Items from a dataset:

┌──

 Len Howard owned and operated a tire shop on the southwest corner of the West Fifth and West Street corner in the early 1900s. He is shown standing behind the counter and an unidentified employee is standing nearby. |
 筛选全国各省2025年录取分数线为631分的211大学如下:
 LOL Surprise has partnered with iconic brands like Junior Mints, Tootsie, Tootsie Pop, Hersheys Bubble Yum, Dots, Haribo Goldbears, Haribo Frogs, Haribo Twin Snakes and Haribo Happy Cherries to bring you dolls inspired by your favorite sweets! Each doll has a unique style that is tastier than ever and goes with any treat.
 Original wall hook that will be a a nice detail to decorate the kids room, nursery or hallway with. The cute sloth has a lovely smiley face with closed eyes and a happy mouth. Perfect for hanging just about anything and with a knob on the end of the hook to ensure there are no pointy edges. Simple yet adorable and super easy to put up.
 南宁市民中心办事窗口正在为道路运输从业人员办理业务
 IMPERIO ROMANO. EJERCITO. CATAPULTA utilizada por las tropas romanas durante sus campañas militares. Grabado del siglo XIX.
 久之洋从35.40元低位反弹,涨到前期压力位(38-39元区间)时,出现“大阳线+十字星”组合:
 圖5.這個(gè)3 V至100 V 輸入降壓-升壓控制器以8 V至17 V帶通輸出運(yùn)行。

└──

Work to be completed:
Read the entries and show each line that mentions "with".

Solution:
 LOL Surprise has partnered with iconic brands like Junior Mints, Tootsie, Tootsie Pop, Hersheys Bubble Yum, Dots, Haribo Goldbears, Haribo Frogs, Haribo Twin Snakes and Haribo Happy Cherries to bring you dolls inspired by your favorite sweets! Each doll has a unique style that is tastier than ever and goes with any treat.
 Original wall hook that will be a a nice detail to decorate the kids room, nursery or hallway with. The cute sloth has a lovely smiley face with closed eyes and a happy mouth. Perfect for hanging just about anything and with a knob on the end of the hook to ensure there are no pointy edges. Simple yet adorable and super easy to put up.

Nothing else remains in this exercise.